What to work on -
Could you reproduce the lines below from the one with "Einlegeblatt mit dem" through the one with "この日のレクリエーションでは"? Keep both ends and add nothing.

Information shown -

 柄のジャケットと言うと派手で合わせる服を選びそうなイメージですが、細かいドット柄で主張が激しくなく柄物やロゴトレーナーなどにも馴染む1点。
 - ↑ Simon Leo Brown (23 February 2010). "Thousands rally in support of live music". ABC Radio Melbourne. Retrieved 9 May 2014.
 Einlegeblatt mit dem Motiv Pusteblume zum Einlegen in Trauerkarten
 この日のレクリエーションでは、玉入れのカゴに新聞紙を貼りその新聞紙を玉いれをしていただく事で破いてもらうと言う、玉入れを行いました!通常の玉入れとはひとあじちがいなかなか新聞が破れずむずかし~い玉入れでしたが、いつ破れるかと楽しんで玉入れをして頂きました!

==

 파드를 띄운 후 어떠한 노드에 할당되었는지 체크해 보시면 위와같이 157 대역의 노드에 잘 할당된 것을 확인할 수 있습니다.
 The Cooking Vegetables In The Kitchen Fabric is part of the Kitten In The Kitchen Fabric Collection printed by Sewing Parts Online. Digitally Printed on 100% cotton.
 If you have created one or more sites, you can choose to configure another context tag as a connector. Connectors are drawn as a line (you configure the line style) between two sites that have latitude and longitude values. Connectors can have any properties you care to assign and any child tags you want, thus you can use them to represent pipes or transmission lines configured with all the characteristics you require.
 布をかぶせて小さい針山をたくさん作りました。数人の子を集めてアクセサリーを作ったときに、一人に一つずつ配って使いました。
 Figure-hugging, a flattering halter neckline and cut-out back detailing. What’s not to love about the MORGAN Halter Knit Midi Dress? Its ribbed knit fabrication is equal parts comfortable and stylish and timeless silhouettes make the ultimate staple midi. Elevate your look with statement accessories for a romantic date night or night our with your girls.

Output -
 Einlegeblatt mit dem Motiv Pusteblume zum Einlegen in Trauerkarten
 この日のレクリエーションでは、玉入れのカゴに新聞紙を貼りその新聞紙を玉いれをしていただく事で破いてもらうと言う、玉入れを行いました!通常の玉入れとはひとあじちがいなかなか新聞が破れずむずかし~い玉入れでしたが、いつ破れるかと楽しんで玉入れをして頂きました!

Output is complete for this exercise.